[Items listed in a dataset]
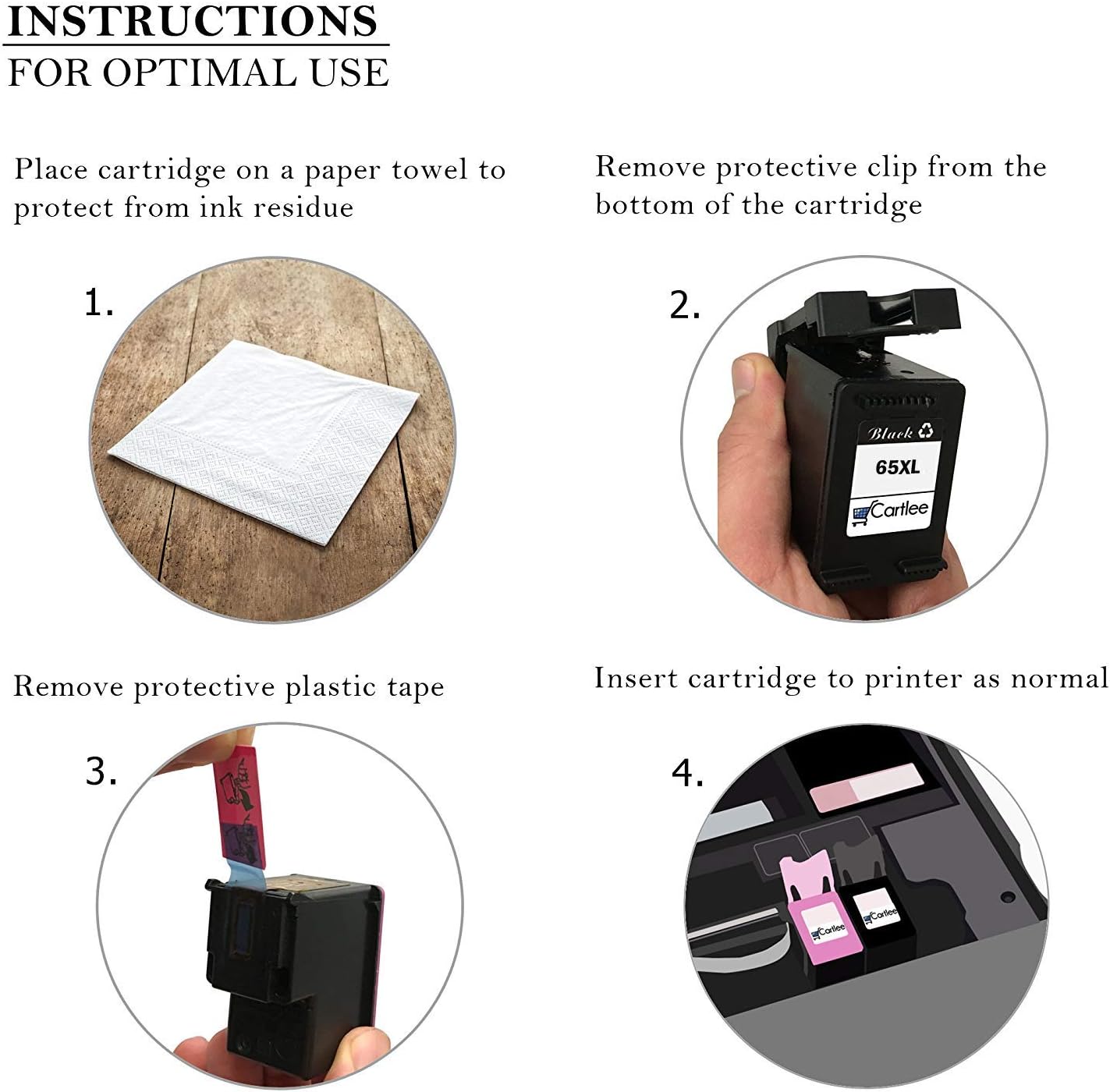Cartlee 4 Pack Remanufactured 65XL 65 XL High Yield Ink Cartridges for HP DeskJet 2600 2622 2635 2652 2655 3700 3720 3722 3752 3755 Envy 5000 5052 5055 AMP 100 Printer Series Black and Color Combo
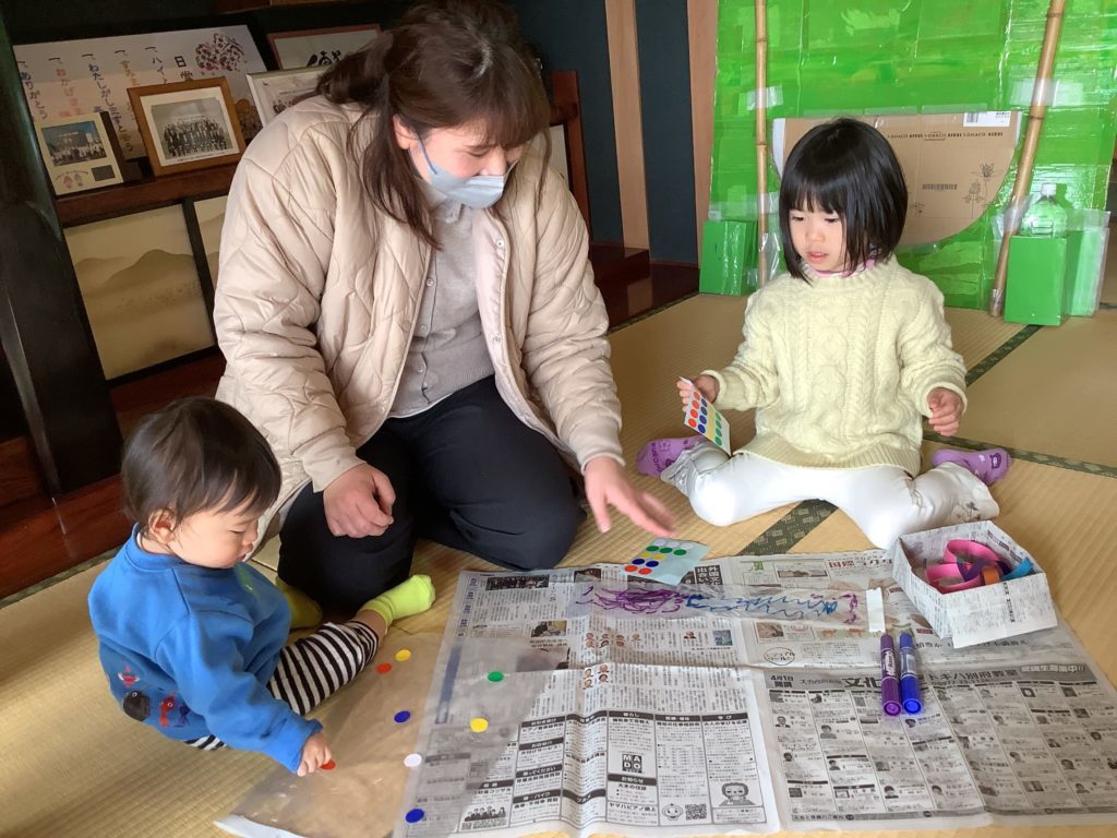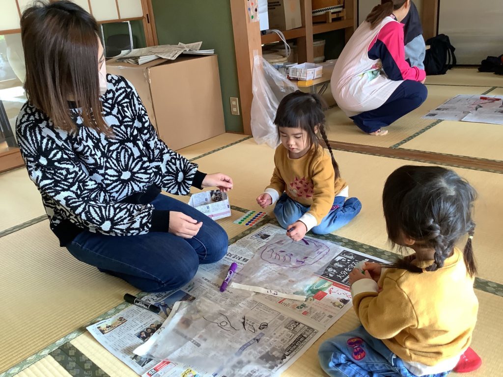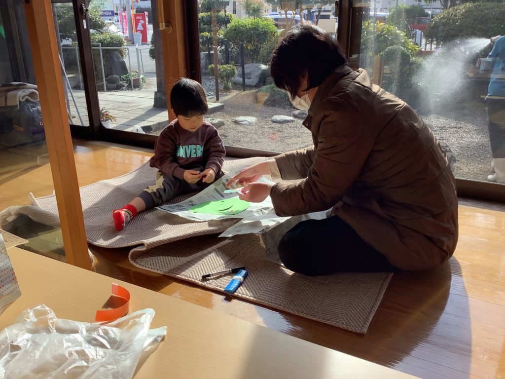 福笑いの後は凧作り!作りたい凧をお家の人と選び凧作り開始!
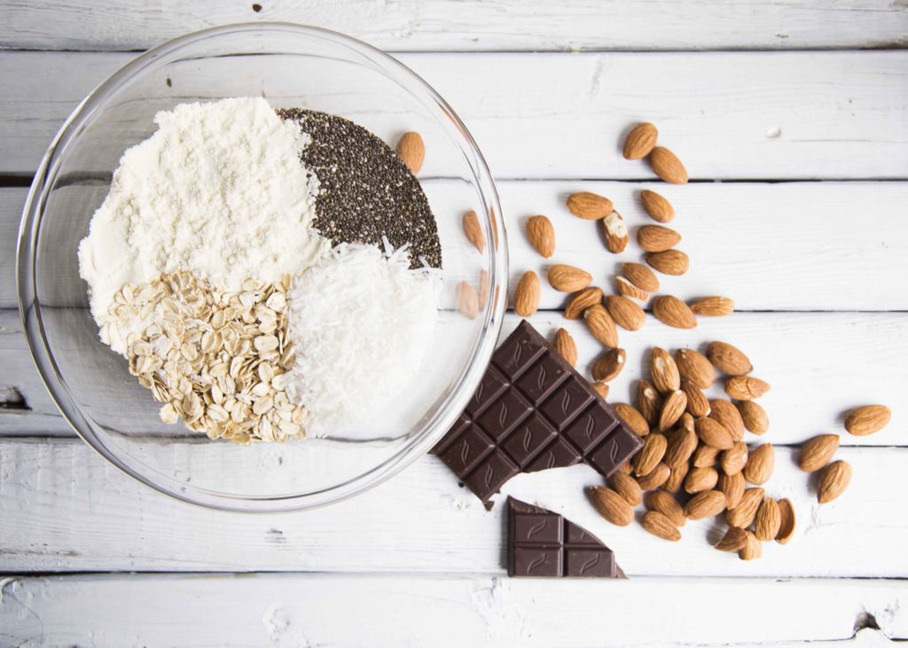 - Incorporer la poudre de protéines jusqu’à consistance lisse, puis ajouter l’avoine, les graines de chia, le lait d’amande et les flocons de noix de coco.
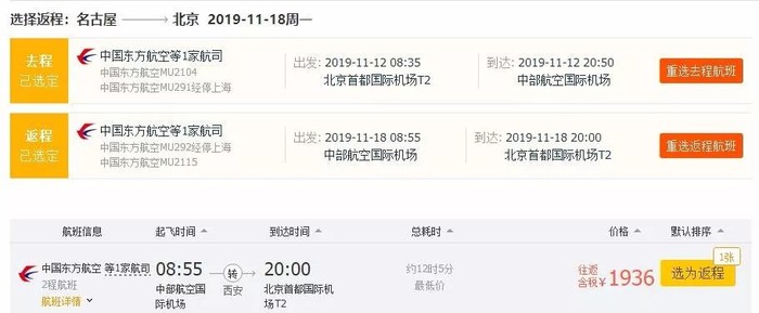 北京=名古屋,往返含税1.9K,11月12日-18日;
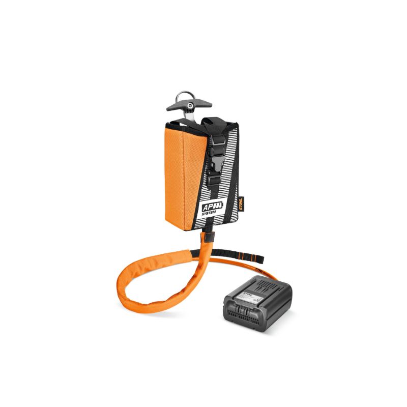 Vous pouvez utiliser en option la batterie AP 500 S STIHL de plus grande capacité et ainsi réaliser plus de coupes avant de devoir remplacer la batterie. La sangle sert également de protection contre les chutes. Le boîtier de la batterie est équipé d’un dispositif de largage d’urgence et d’une protection contre les surcharges.

» Your objective
Please give again the entries word for word, starting at the first line and ending with the line that contains "北京=名古屋,往返含税1.9K,11月12日-18日;"; include both of those lines but none of the pictures.

» Solution below
Cartlee 4 Pack Remanufactured 65XL 65 XL High Yield Ink Cartridges for HP DeskJet 2600 2622 2635 2652 2655 3700 3720 3722 3752 3755 Envy 5000 5052 5055 AMP 100 Printer Series Black and Color Combo
 福笑いの後は凧作り!作りたい凧をお家の人と選び凧作り開始!
 - Incorporer la poudre de protéines jusqu’à consistance lisse, puis ajouter l’avoine, les graines de chia, le lait d’amande et les flocons de noix de coco.
 北京=名古屋,往返含税1.9K,11月12日-18日;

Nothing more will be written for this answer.